Ahora bien, la experiencia de mayores sobredosis documentada aproximadamente desde 2019 (Goodman-Meza et al., 2022) ha modificado las prácticas de consumo. Las participantes se saben vulnerables ante la situación, por lo que prevén algunas estrategias de cuidado con sus pares, como relata Lorena:

Nunca me curo sola, yo antes prefería hablarle a alguien, [compartir] unas rayas [con su par] que curarme sola, porque […] si no eran tecatos [si no se inyectaban] pues [les decía] “si me doblo, nomás no me dejes morir, si no sabes háblale a la policía, a la ambulancia, pero no me dejes morir” (Lorena, 59 años, comunicación personal, 5 de marzo de 2023).

En su relato, la entrevistada sabe de antemano que la presencia de fentanilo ha modificado la tolerancia de su cuerpo a las sustancias.
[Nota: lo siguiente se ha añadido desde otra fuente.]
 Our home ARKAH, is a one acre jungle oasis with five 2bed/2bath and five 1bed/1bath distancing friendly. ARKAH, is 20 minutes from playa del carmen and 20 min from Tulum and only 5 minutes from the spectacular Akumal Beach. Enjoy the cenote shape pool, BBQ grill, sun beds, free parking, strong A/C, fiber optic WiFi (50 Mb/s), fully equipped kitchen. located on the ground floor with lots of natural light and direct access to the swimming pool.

La recomendación de no consumir a solas para evitar sobredosis también forma parte de las intervenciones de reducción de daños en las cuales se explican los riesgos del uso de fentanilo. La entrevistada demuestra que ha adoptado esta medida para disminuir el riesgo de doblarse.

Menéndez (2003) explica que diversos procesos sociales, económicos e ideológicos impulsan determinadas formas de autoatención y están condicionados por el acceso a los insumos que requieren para el cuidado y las redes sociales con las que cuentan. En este caso, los grupos de apoyo de las usuarias se componen principalmente de sus pares, quienes viven en condiciones similares pero no son usuarios de drogas inyectables, como narra una de las entrevistadas, quien habita en un terreno baldío junto con otros usuarios: “Nos echamos la mano unos a otros… si es ahí para la comida, nos echamos la mano en lo que podamos ahí, entre todos” (Laura, 60 años, comunicación personal, 3 de marzo de 2023).
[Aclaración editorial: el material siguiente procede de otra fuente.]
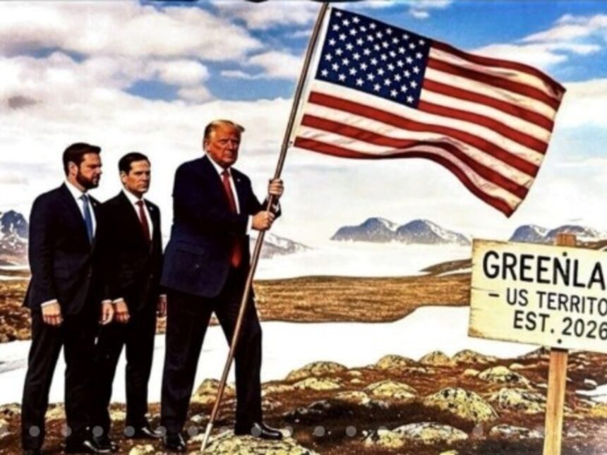 Lo hizo a través de un posteo en su red social Truth con una foto junto a su secretario de Estado, Marco Rubio, y su vicepresidente J.D. Vance, tomando el asta de la bandera estadounidense junto a un cartel que dice “Groenlandia, territorio de Estados Unidos”.

La forma en que estas mujeres se vinculan con sus pares, determina actividades de autoatención asociadas a la reproducción biosocial del grupo para satisfacer necesidades básicas, como alimentación, limpieza y lugar donde dormir (Menéndez, 2020). Así, el nos echamos la mano posibilita el cuidado colectivo entre PID. Sin embargo, estas redes de apoyo se componen, generalmente, por unos cuantos amigos cercanos o por la pareja sentimental, en quienes depositan confianza para el cuidado ante riesgos de sobredosis. Otras participantes refieren que no cuentan con quien apoyarse emocionalmente en caso de alguna dolencia o enfermedad; esto se relaciona con experiencias previas en las que han vivido abusos y robos por parte de sus pares, como una de las entrevistadas comenta:

Como saben que soy del otro lado [nacida en Estados Unidos] yo antes, la neta, traía una feria […] me metían de más [refiriéndose a la cantidad que asignaban a su dosis], o sea hacían la cura y la hacían muy fuerte porque saben que yo no aguantaba tanto, me doblaban y me ganaban con todo, mis propios compas (Phily, 27 años, comunicación personal, 7 de marzo de 2023).
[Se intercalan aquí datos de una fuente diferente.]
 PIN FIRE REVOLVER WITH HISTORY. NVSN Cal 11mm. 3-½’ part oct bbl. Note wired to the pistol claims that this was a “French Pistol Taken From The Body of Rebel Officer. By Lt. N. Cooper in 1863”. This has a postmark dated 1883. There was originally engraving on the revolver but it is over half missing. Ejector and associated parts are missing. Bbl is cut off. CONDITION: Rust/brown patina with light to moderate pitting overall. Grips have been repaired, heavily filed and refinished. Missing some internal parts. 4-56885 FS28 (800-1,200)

La decisión de mantenerse aislada del grupo de usuarios puede considerarse una práctica de autocuidado, entendida como una conducta individual que posibilita reducir o eliminar conductas de riesgo (Menéndez, 2003). En este sentido, la autoatención puede verse desde un plano estructural que se relaciona con otras formas de atención y como un proceso que opera en términos socioculturales (Menéndez, 2018) a través de las decisiones de las mujeres para prevenir y atender riesgos, y al establecer relaciones entre los microgrupos a los que pertenecen.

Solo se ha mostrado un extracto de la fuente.